### RECORDS PROVIDED ###
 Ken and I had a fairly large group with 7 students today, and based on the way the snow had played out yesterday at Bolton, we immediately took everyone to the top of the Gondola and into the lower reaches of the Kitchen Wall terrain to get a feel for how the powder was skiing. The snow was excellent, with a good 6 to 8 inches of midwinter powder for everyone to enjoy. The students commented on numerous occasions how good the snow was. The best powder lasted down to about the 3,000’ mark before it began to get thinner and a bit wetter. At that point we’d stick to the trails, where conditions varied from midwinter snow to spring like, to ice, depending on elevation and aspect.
###
### RECORDS PROVIDED ###
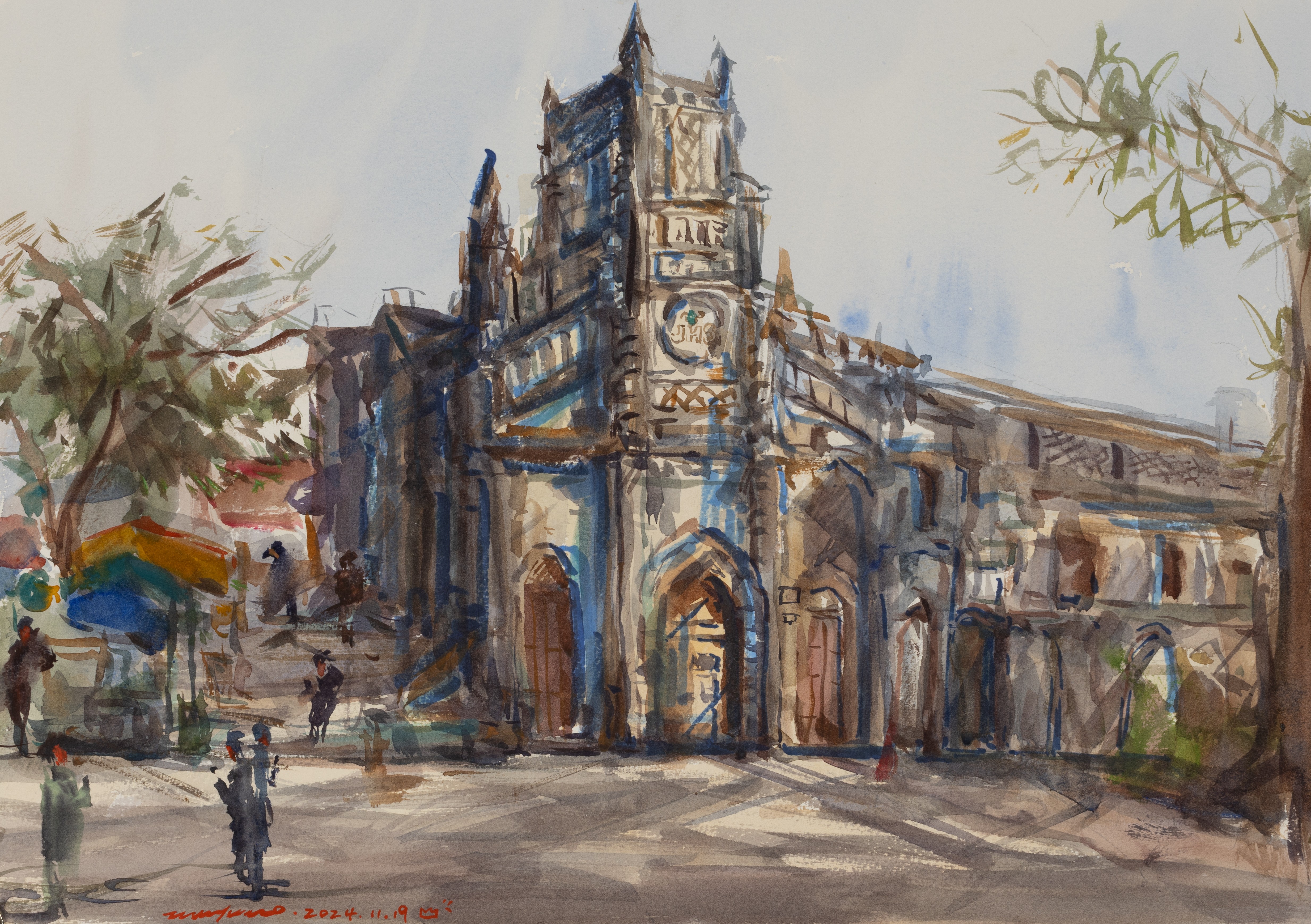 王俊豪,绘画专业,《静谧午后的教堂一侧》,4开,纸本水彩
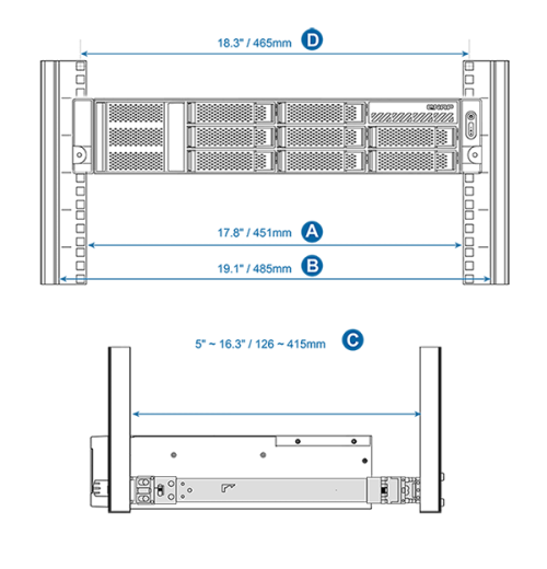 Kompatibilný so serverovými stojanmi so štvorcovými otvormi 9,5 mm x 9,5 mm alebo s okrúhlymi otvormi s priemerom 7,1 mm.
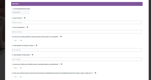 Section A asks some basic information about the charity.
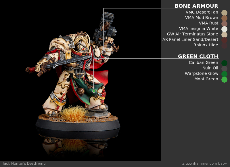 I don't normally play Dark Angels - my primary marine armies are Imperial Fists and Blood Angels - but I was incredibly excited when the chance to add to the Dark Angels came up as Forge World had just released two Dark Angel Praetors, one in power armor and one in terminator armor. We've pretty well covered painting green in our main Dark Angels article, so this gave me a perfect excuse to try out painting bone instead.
###
PROBLEM TO SOLVE. Start at the line above containing "王俊豪,绘画专业,《静谧午后的教堂一侧》,4开,纸本水彩" and stop at the line containing "I don't normally": print those lines and everything between them exactly, but not the pictures.

ANSWER SECTION.
 王俊豪,绘画专业,《静谧午后的教堂一侧》,4开,纸本水彩
 Kompatibilný so serverovými stojanmi so štvorcovými otvormi 9,5 mm x 9,5 mm alebo s okrúhlymi otvormi s priemerom 7,1 mm.
 Section A asks some basic information about the charity.
 I don't normally play Dark Angels - my primary marine armies are Imperial Fists and Blood Angels - but I was incredibly excited when the chance to add to the Dark Angels came up as Forge World had just released two Dark Angel Praetors, one in power armor and one in terminator armor. We've pretty well covered painting green in our main Dark Angels article, so this gave me a perfect excuse to try out painting bone instead.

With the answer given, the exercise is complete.